*Try it*:
Any picture must be dropped, but each line of the data should be duplicated exactly.

::: Provided data

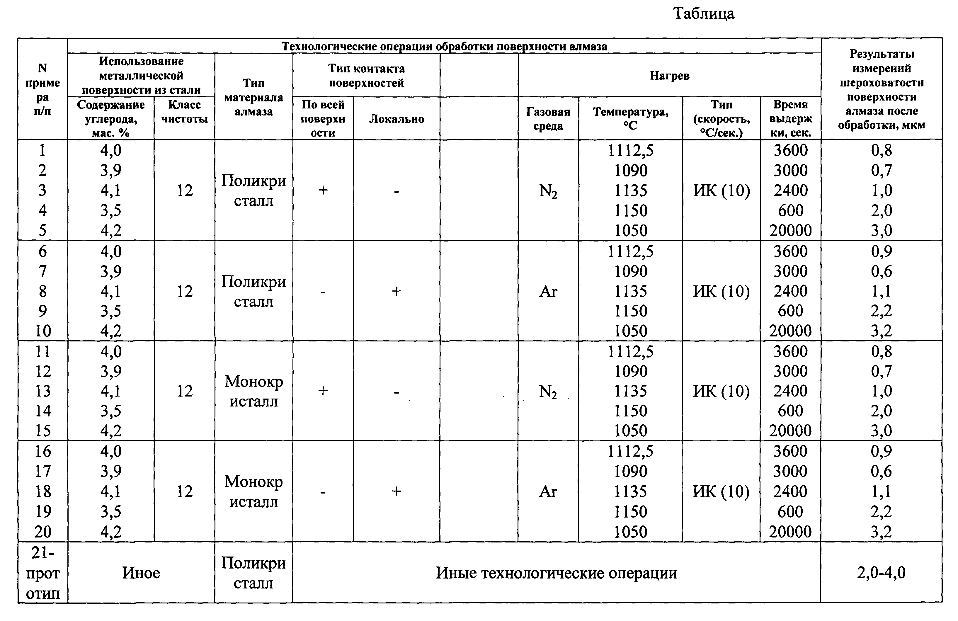 1. Способ обработки поверхности алмаза, включающий взаимное расположение в одной плоскости исходной поверхности алмаза и металлической поверхности из стали, обеспечение непосредственного контакта упомянутых поверхностей, термическую обработку исходной поверхности алмаза на заданную глубину, обеспечивающую заданную конечную поверхность алмаза, при этом предусматривающую нагрев упомянутых поверхностей до температуры образования эвтектического сплава железо - углерод, выдержку при этой температуре и естественное охлаждение, отличающийся тем, что металлическую поверхность из стали берут с содержанием углерода 3,9-4,1 мас. %, с классом чистоты поверхности со стороны контакта упомянутых поверхностей не менее 12, контакт упомянутых поверхностей осуществляют по всей их поверхности либо локально согласно заданной конечной поверхности алмаза, нагрев упомянутых поверхностей осуществляют в среде азота или инертного газа при температуре 1090-1135°C с заданной скоростью, выдержку при этой температуре осуществляют в течение времени, определяемого из выражения: 2. Способ обработки поверхности алмаза по п. 1, отличающийся тем, что заданную конечную поверхность алмаза характеризуют качеством обработки, конфигурацией и формой. 3. Способ обработки поверхности алмаза по п. 1, отличающийся тем, что в случае осуществления контакта упомянутых поверхностей локально металлическая поверхность из стали со стороны контакта исходной поверхности алмаза может быть выполнена с обеспечением заданной конечной поверхности алмаза. 4. Способ обработки поверхности алмаза по п. 1, отличающийся тем, что заданную скорость нагрева упомянутых поверхностей определяют исходя из метода нагрева, например метода инфракрасного излучения. 5. Способ обработки поверхности алмаза по п. 1, отличающийся тем, что исходной поверхностью алмаза может быть как поверхность поликристаллического, так и монокристаллического алмаза.
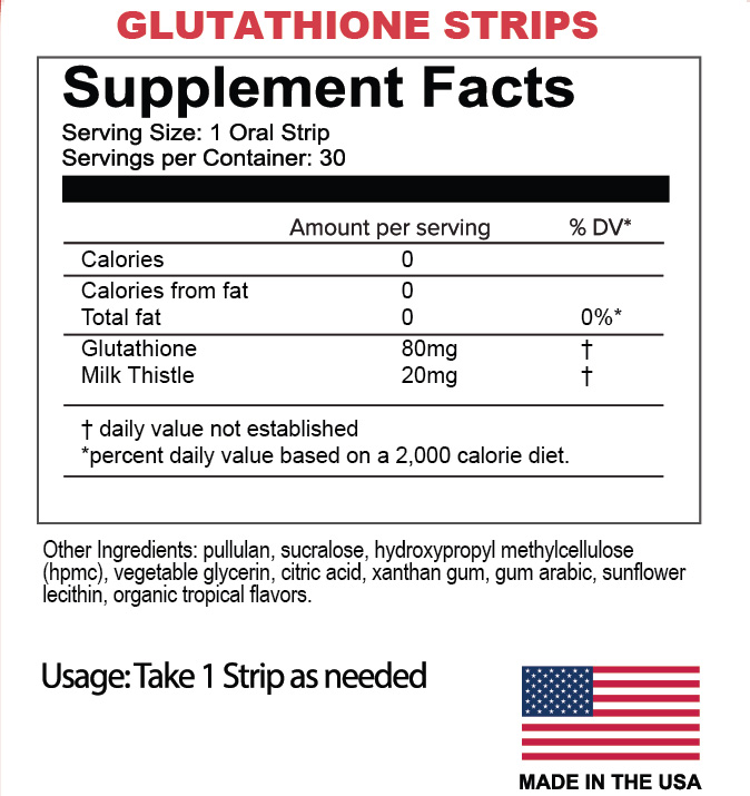 Glutathione Antioxidant Dissolving Strips Supplement Facts Overview
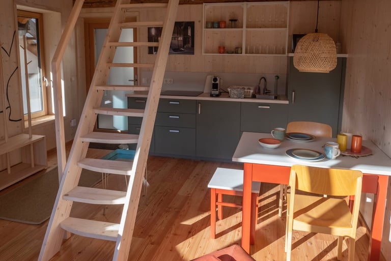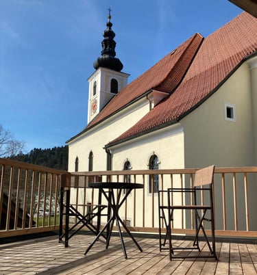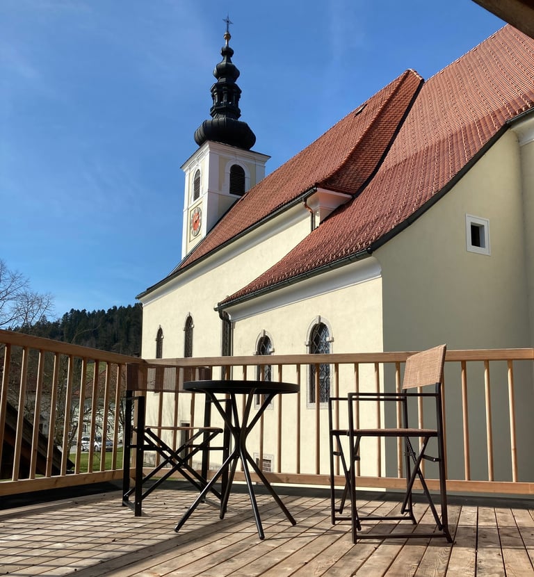 Unsere Ferienwohnung befindet sich mitten auf dem barocken Dorfplatz Viechtwang im oberösterreichischen Almtal, eingebaut in einen 200 Jahre alten Stadl. Auf drei Etagen genießen Sie modernen Komfort in einem historischen Holzbau, mit weiten Ausblicken in die Berge und auf den Dorfplatz mit seiner Barockkirche.
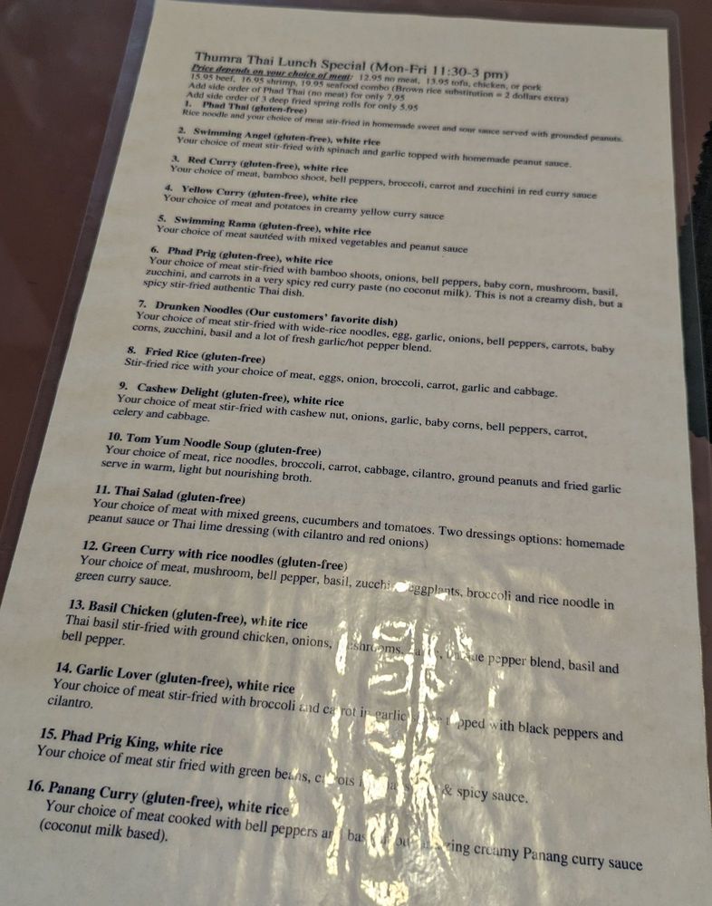 Seafood lovers will savor specialties such as the grilled salmon topped with rich red curry sauce and the tender halibut with creamy Panang curry. What truly differentiates Thumra is its commitment to personalized dining, accommodating dietary requests without sacrificing taste. With glowing reviews praising both the food and the welcoming atmosphere, Thumra Thai promises an unforgettable experience that feels like a comforting visit to a friend's home.
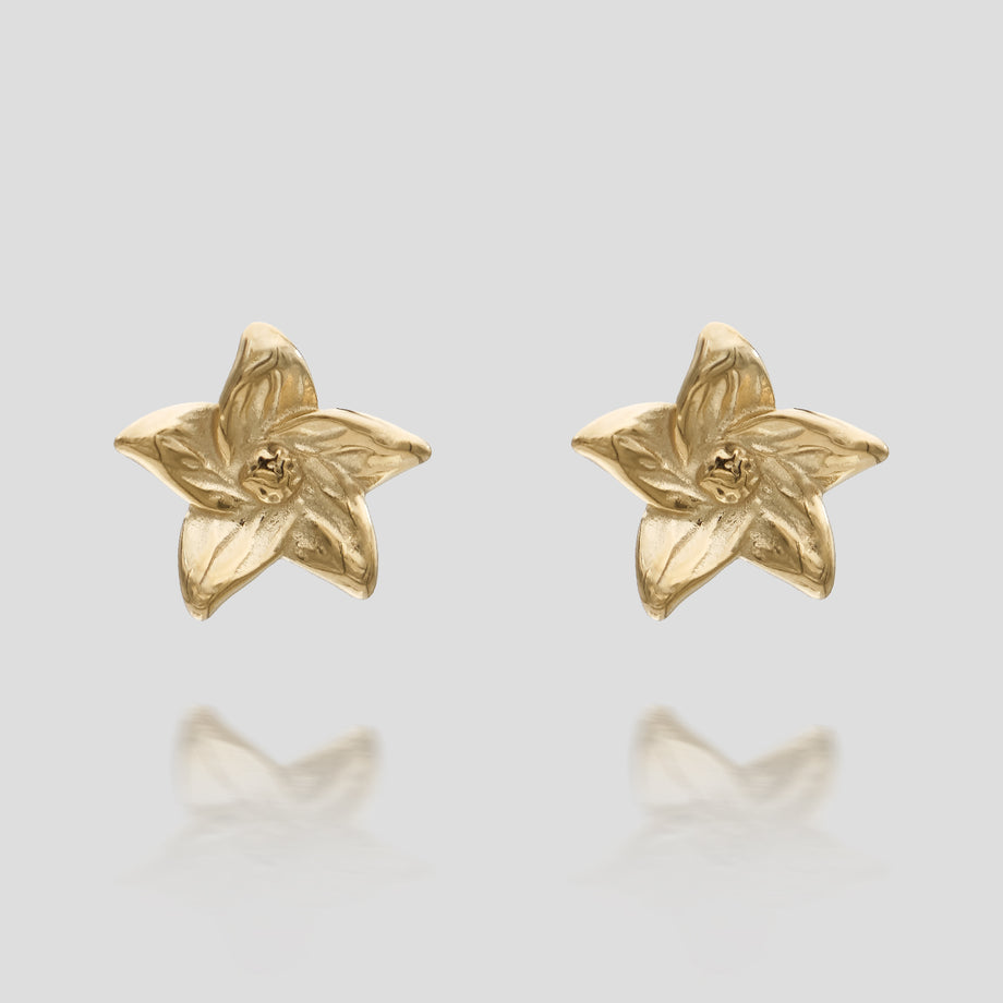 Camilla Flower Earrings feature a stunning design inspired by beautiful lilies, crafted in 18k gold plated stainless steel
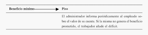 Las modalidades de operación de varios niveles de financiamiento son variadas. Una de ellas es la de mantener los fondos de pensiones individuales y solidarios separadamente y con administración también diferenciada. El trabajador que no cuente con recursos para el beneficio prometido por el fondo solidario debe añadir recursos ahorrados al déficit, lo que suele proponerse en los planes ocupacionales por empresa. Esta modalidad corresponde a un «plan híbrido de pensiones» que combina la cotización definida con el beneficio prometido y está muy difundida en EE UU, debiendo el empleado añadir la cantidad al déficit del fondo administrado por su empresa si el mismo no genera suficiente crecimiento para lograr la prestación (Fabozzi, Modigliani y Ferri, 1996). La empresa informa periódicamente al empleado sobre el valor de su cuenta y si la misma no genera el beneficio prometido el trabajador añade el déficit, como a continuación se grafica:
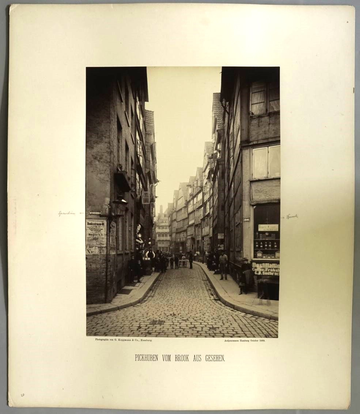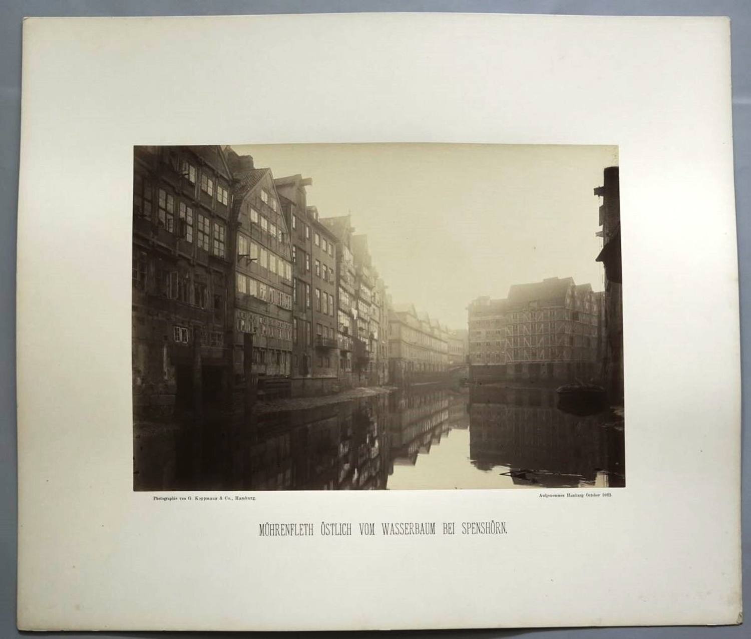 Heidtmann 17389. – Die Tafeln zeigen zahlreiche Straßen und Plätze Hamburgs, wie zum Beispiel: "Hohebrücke", "Brook von Osten aus gesehen", "Kleines Fleth vom Sandthorquai aus gesehen", "Englische Kirche am Johannisbollwerk II", "Mührenfleth östlich vom Wasserbaum bei Spenshörn", "Am Stadtdeich I.", "Am Stadtdeich II.", "Ansicht der Rathswaage", "Kehrwieder von der Hellenenbrücke aus gesehen", "Niederbaumbrücke", "Rathhausmarkt", "Kehrwieder No. 74" etc. – Teils leicht gewellt und Karton mit Einrissen, Fehlstellen und teils kleinen Gebrauchsspuren. Fotografien vereinzelt leicht verblasst, sonst gut erhalten.
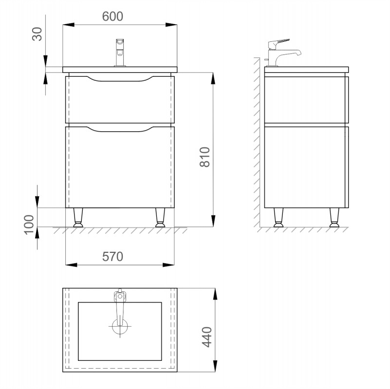 1) Тумба напольная Sanwerk Alessa 60х44 см с раковиной Канте белый/венге
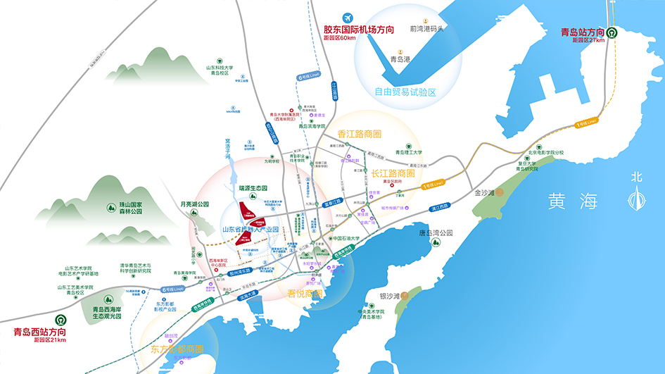 青島與西海岸的重要橋梁,連接市區(qū)快速路、青蘭鐵路,交通便利,便捷出行。

::::::

*Answer area*:
 1. Способ обработки поверхности алмаза, включающий взаимное расположение в одной плоскости исходной поверхности алмаза и металлической поверхности из стали, обеспечение непосредственного контакта упомянутых поверхностей, термическую обработку исходной поверхности алмаза на заданную глубину, обеспечивающую заданную конечную поверхность алмаза, при этом предусматривающую нагрев упомянутых поверхностей до температуры образования эвтектического сплава железо - углерод, выдержку при этой температуре и естественное охлаждение, отличающийся тем, что металлическую поверхность из стали берут с содержанием углерода 3,9-4,1 мас. %, с классом чистоты поверхности со стороны контакта упомянутых поверхностей не менее 12, контакт упомянутых поверхностей осуществляют по всей их поверхности либо локально согласно заданной конечной поверхности алмаза, нагрев упомянутых поверхностей осуществляют в среде азота или инертного газа при температуре 1090-1135°C с заданной скоростью, выдержку при этой температуре осуществляют в течение времени, определяемого из выражения: 2. Способ обработки поверхности алмаза по п. 1, отличающийся тем, что заданную конечную поверхность алмаза характеризуют качеством обработки, конфигурацией и формой. 3. Способ обработки поверхности алмаза по п. 1, отличающийся тем, что в случае осуществления контакта упомянутых поверхностей локально металлическая поверхность из стали со стороны контакта исходной поверхности алмаза может быть выполнена с обеспечением заданной конечной поверхности алмаза. 4. Способ обработки поверхности алмаза по п. 1, отличающийся тем, что заданную скорость нагрева упомянутых поверхностей определяют исходя из метода нагрева, например метода инфракрасного излучения. 5. Способ обработки поверхности алмаза по п. 1, отличающийся тем, что исходной поверхностью алмаза может быть как поверхность поликристаллического, так и монокристаллического алмаза.
 Glutathione Antioxidant Dissolving Strips Supplement Facts Overview
 Unsere Ferienwohnung befindet sich mitten auf dem barocken Dorfplatz Viechtwang im oberösterreichischen Almtal, eingebaut in einen 200 Jahre alten Stadl. Auf drei Etagen genießen Sie modernen Komfort in einem historischen Holzbau, mit weiten Ausblicken in die Berge und auf den Dorfplatz mit seiner Barockkirche.
 Seafood lovers will savor specialties such as the grilled salmon topped with rich red curry sauce and the tender halibut with creamy Panang curry. What truly differentiates Thumra is its commitment to personalized dining, accommodating dietary requests without sacrificing taste. With glowing reviews praising both the food and the welcoming atmosphere, Thumra Thai promises an unforgettable experience that feels like a comforting visit to a friend's home.
 Camilla Flower Earrings feature a stunning design inspired by beautiful lilies, crafted in 18k gold plated stainless steel
 Las modalidades de operación de varios niveles de financiamiento son variadas. Una de ellas es la de mantener los fondos de pensiones individuales y solidarios separadamente y con administración también diferenciada. El trabajador que no cuente con recursos para el beneficio prometido por el fondo solidario debe añadir recursos ahorrados al déficit, lo que suele proponerse en los planes ocupacionales por empresa. Esta modalidad corresponde a un «plan híbrido de pensiones» que combina la cotización definida con el beneficio prometido y está muy difundida en EE UU, debiendo el empleado añadir la cantidad al déficit del fondo administrado por su empresa si el mismo no genera suficiente crecimiento para lograr la prestación (Fabozzi, Modigliani y Ferri, 1996). La empresa informa periódicamente al empleado sobre el valor de su cuenta y si la misma no genera el beneficio prometido el trabajador añade el déficit, como a continuación se grafica:
 Heidtmann 17389. – Die Tafeln zeigen zahlreiche Straßen und Plätze Hamburgs, wie zum Beispiel: "Hohebrücke", "Brook von Osten aus gesehen", "Kleines Fleth vom Sandthorquai aus gesehen", "Englische Kirche am Johannisbollwerk II", "Mührenfleth östlich vom Wasserbaum bei Spenshörn", "Am Stadtdeich I.", "Am Stadtdeich II.", "Ansicht der Rathswaage", "Kehrwieder von der Hellenenbrücke aus gesehen", "Niederbaumbrücke", "Rathhausmarkt", "Kehrwieder No. 74" etc. – Teils leicht gewellt und Karton mit Einrissen, Fehlstellen und teils kleinen Gebrauchsspuren. Fotografien vereinzelt leicht verblasst, sonst gut erhalten.
 1) Тумба напольная Sanwerk Alessa 60х44 см с раковиной Канте белый/венге
 青島與西海岸的重要橋梁,連接市區(qū)快速路、青蘭鐵路,交通便利,便捷出行。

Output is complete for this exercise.